RNA degradation is an important process for regulating gene expression in living organisms [1]. RNA degradation is mediated by deadenylation-dependent or endonucleolytic cleavage-dependent RNA degradation mechanisms [2]. In both degradation mechanisms, the final step in RNA digestion is catalyzed by exonucleases. Deadenylation-dependent RNA degradation has been studied in plants [3], and some proteins and related sequences were identified and analyzed; however, endonucleolytic cleavage-dependent RNA degradation has not been analyzed in detail.

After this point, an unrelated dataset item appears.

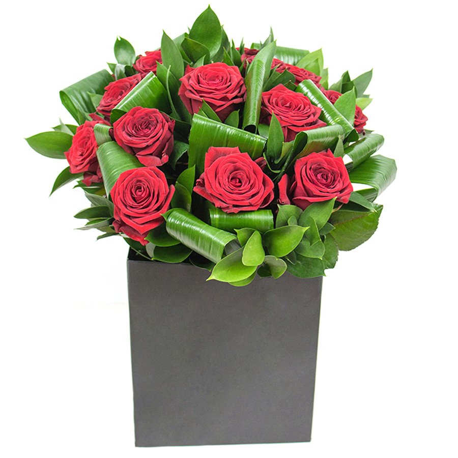 Immerse yourself in the splendor of our Luxurious Red Rose Arrangement. This exquisite bouquet combines deep red roses with the rich greenery of aspidistra and ruscus, crafting a masterpiece that exudes both charm and grace.

Degradome sequencing methods, which are techniques for detecting truncated RNA ends using next-generation sequencing (NGS), have been developed to study the mechanisms underlying endonucleolytic cleavage–dependent RNA degradation [4,5,6]. Although these methods contribute to the identification of cleavage sites, the detected cleavage sites are biased toward the 3′ end of the transcript because of poly A selection in library preparation [6, 7]. In previous work from our group, we attempted to solve this problem by developing truncated RNA end sequencing (TREseq) in A. thaliana [8]. TREseq analysis showed high G nucleotide frequency around the cleavage sites; the cleavage sites were highly accumulated around the start and stop codons, and three-nucleotide periodicity was observed in the coding sequences (CDSs) [8, 9]. These tendencies are similar to ribosome movements, which are reported in ribosome profiling methods, suggesting that the translation process affects RNA cleavage [8,9,10]. In our previous study, we evaluated the relationships between single determinants and cleavage efficiency in A. thaliana using Pearson’s correlation analysis [11]. We found that cleavage efficiencies were related to several determinants (e.g., G nucleotide frequency around cleavage sites and RNA length). However, because Pearson’s correlation analysis can evaluate only one-to-one relationships, the effects of multiple putative determinants on cleavage efficiency remain to be elucidated.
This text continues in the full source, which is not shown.